- REQUIRED WORK
Please, without any pictures, set down exactly the part of the listing below that opens with the line containing "Women's Ins Fashionable" and closes with the line containing "Santa and Dog".

- INPUT
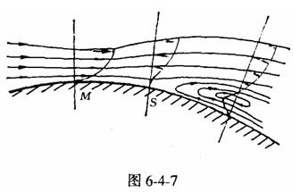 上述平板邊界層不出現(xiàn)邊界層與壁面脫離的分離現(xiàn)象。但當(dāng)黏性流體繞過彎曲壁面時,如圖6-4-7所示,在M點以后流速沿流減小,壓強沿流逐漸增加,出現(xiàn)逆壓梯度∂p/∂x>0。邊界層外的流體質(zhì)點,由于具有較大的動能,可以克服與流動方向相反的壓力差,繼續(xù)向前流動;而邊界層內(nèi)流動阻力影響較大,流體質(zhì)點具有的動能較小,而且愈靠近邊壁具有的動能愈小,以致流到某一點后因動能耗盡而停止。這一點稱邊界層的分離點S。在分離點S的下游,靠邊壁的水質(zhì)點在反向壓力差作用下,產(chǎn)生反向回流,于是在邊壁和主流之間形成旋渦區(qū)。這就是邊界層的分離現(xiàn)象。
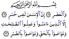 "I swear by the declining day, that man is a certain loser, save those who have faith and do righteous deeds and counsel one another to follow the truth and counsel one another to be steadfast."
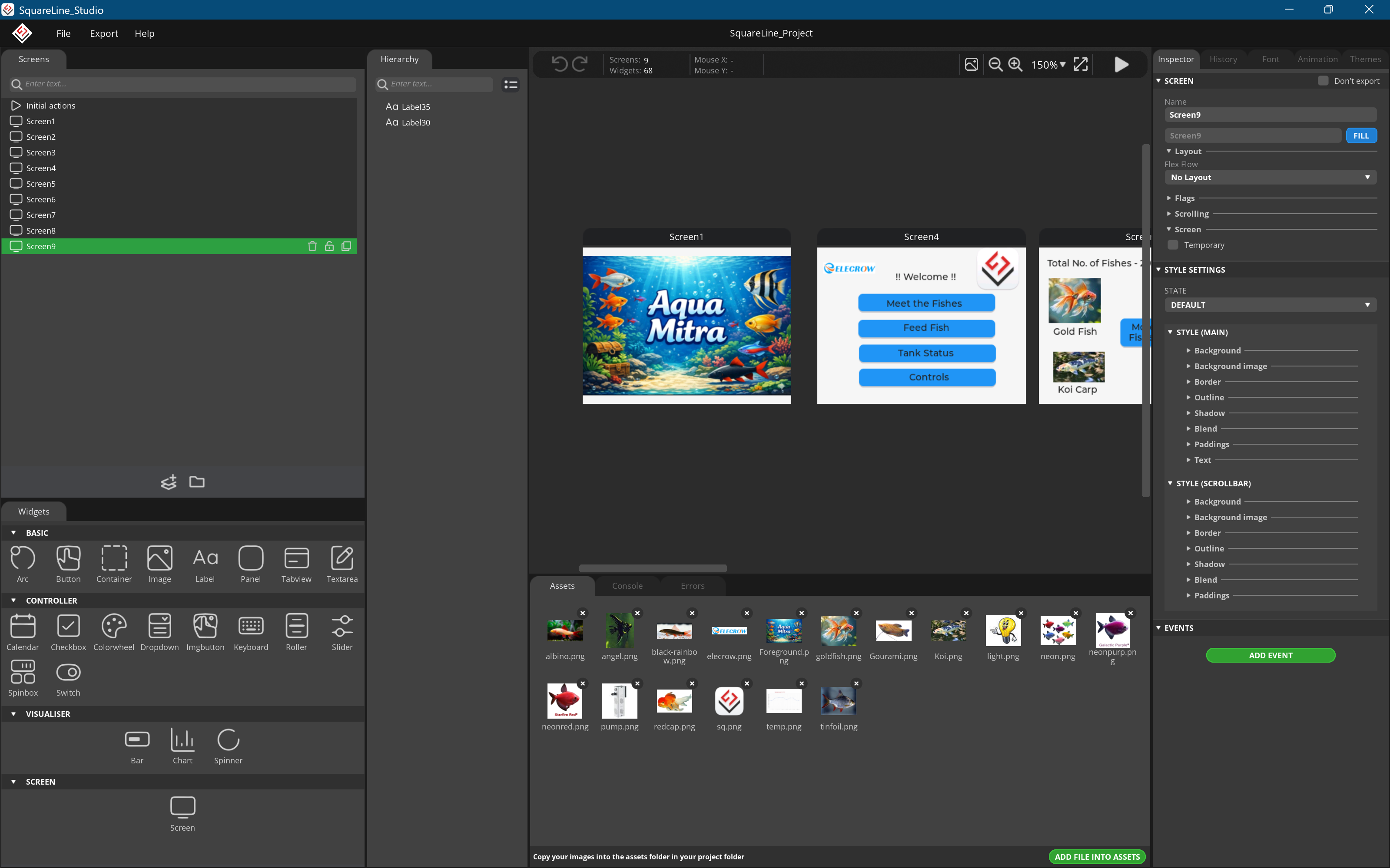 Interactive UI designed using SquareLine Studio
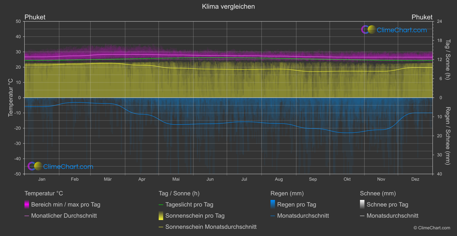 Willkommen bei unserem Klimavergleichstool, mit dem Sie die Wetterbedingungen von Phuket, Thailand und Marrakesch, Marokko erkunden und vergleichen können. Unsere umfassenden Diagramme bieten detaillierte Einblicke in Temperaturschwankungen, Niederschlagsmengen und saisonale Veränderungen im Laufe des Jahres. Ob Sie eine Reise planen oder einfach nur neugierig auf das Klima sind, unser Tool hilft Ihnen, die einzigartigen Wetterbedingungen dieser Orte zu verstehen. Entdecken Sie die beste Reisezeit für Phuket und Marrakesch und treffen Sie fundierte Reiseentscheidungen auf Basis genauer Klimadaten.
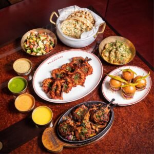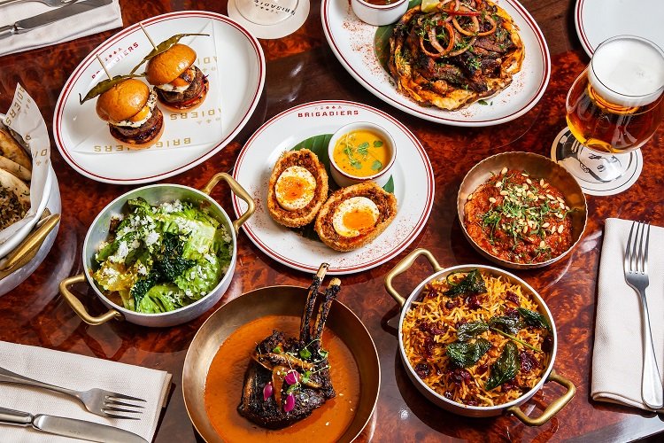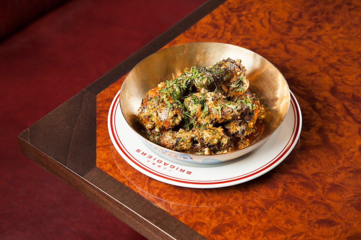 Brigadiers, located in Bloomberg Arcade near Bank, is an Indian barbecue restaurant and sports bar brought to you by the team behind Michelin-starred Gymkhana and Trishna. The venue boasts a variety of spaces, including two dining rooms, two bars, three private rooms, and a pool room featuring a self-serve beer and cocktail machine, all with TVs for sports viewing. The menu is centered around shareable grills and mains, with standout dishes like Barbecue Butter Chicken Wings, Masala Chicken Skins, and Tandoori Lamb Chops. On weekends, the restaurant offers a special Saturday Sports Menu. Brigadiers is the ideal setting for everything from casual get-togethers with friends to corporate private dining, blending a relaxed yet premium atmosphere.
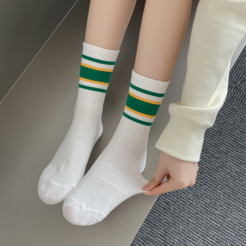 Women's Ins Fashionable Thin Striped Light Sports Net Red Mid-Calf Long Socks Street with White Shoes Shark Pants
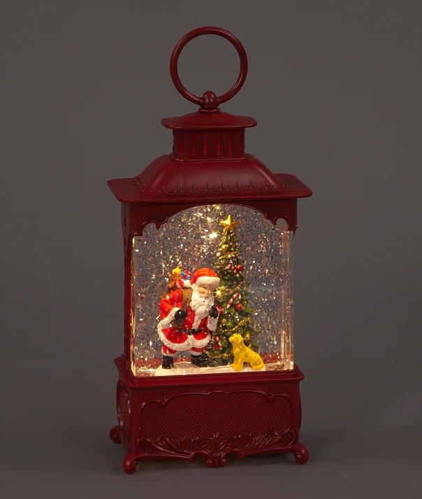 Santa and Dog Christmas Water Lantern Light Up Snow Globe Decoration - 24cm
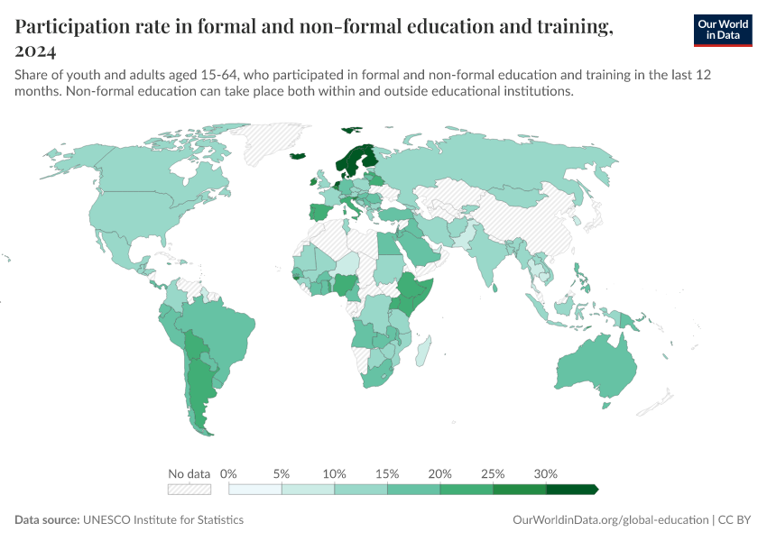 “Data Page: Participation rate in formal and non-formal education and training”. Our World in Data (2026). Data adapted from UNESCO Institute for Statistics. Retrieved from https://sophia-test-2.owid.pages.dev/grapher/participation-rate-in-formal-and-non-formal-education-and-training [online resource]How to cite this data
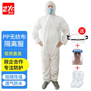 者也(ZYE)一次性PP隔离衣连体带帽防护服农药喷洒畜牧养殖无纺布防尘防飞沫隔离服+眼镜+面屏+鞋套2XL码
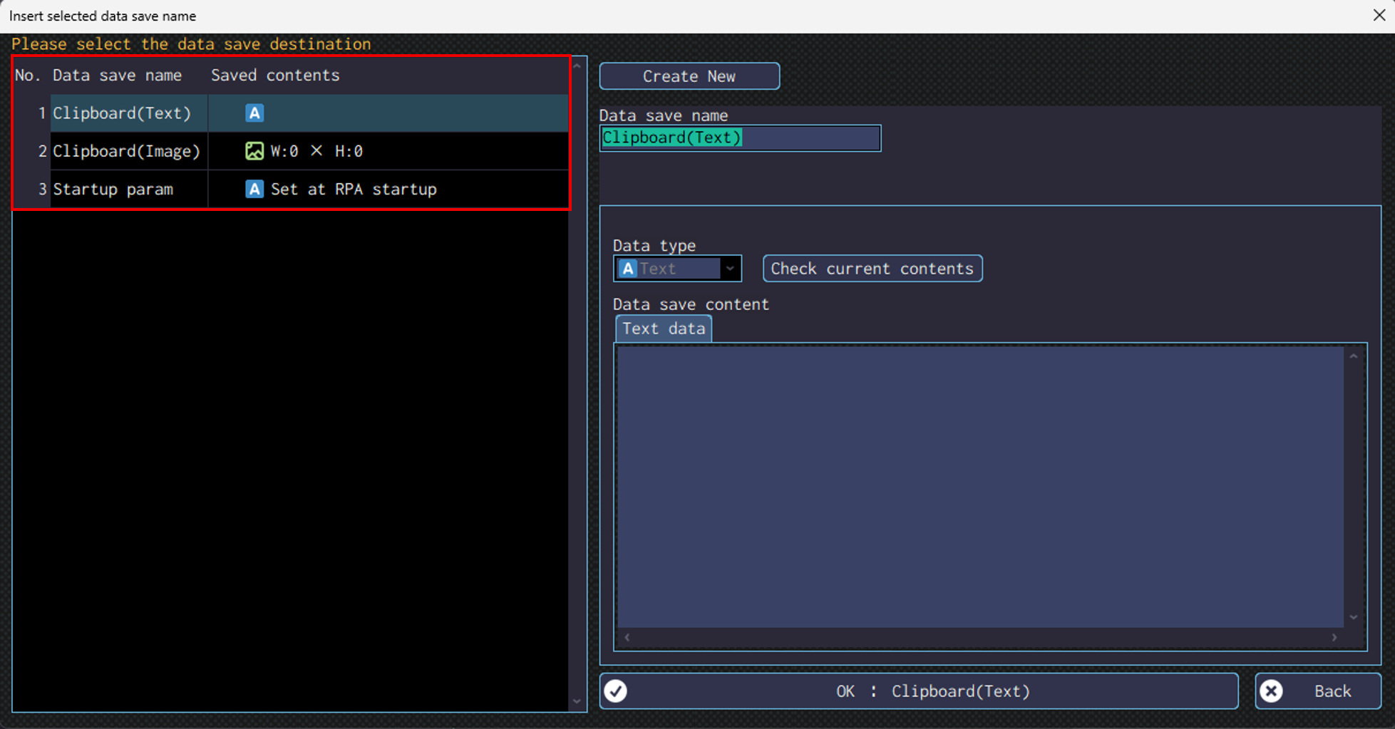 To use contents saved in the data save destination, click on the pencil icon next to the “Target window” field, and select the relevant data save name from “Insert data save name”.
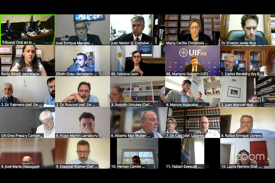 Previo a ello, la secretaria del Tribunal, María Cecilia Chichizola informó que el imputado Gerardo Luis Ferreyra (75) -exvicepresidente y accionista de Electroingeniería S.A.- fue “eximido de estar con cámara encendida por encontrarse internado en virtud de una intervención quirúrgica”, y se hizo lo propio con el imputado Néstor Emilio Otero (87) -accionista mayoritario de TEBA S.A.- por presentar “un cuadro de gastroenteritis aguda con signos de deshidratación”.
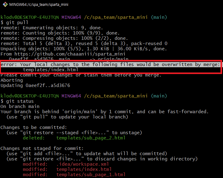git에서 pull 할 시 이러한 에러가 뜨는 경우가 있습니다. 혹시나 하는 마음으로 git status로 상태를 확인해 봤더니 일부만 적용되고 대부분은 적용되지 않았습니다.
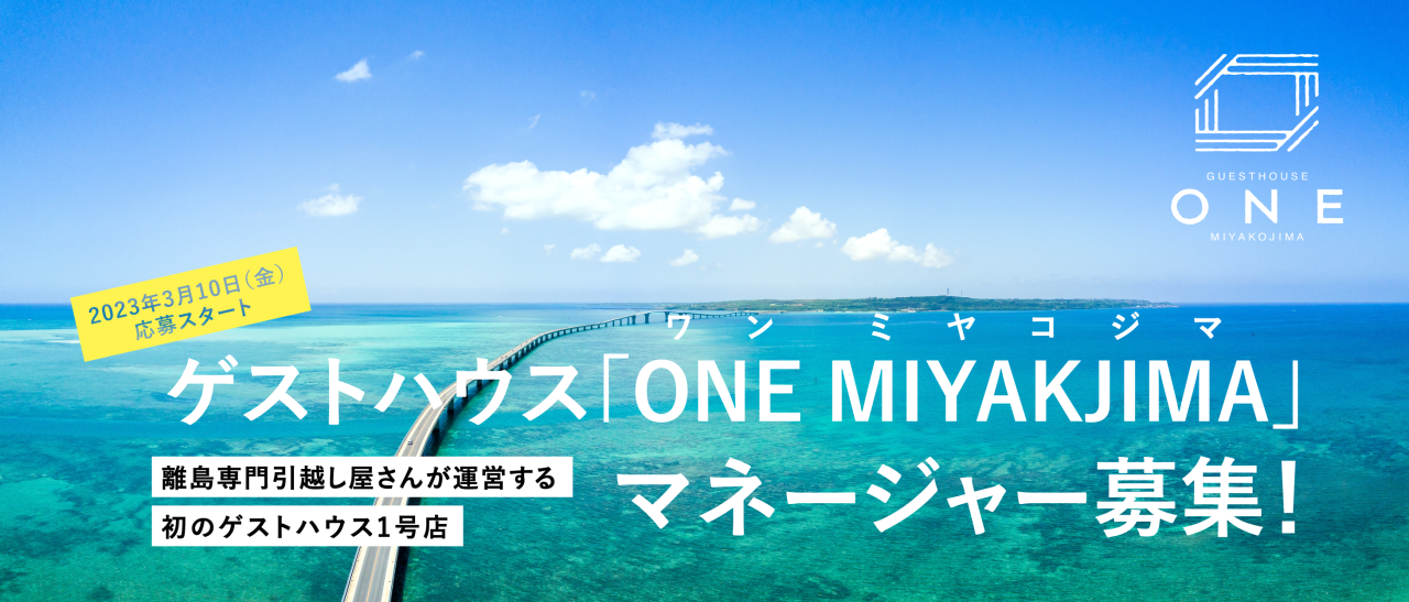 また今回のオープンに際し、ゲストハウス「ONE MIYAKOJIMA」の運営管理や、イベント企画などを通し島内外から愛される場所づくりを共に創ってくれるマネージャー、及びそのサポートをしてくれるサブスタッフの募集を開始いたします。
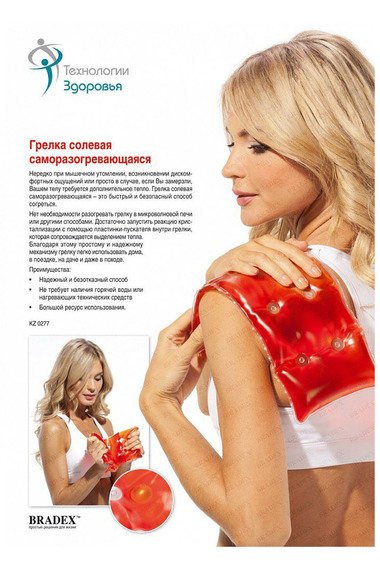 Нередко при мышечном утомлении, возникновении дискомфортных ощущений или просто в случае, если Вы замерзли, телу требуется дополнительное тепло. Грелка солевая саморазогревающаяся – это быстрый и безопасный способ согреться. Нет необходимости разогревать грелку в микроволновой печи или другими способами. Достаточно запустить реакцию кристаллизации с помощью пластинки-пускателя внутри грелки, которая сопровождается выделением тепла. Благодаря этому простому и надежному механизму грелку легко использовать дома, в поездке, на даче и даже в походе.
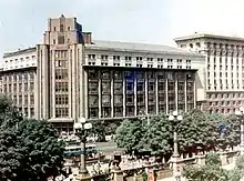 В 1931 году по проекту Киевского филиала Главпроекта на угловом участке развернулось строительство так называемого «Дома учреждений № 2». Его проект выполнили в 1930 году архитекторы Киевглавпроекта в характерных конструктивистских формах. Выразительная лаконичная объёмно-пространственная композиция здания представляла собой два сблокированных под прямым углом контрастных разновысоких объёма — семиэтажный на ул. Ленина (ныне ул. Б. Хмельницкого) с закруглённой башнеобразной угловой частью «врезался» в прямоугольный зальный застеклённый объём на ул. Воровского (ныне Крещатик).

- REPLY
 Women's Ins Fashionable Thin Striped Light Sports Net Red Mid-Calf Long Socks Street with White Shoes Shark Pants
 Santa and Dog Christmas Water Lantern Light Up Snow Globe Decoration - 24cm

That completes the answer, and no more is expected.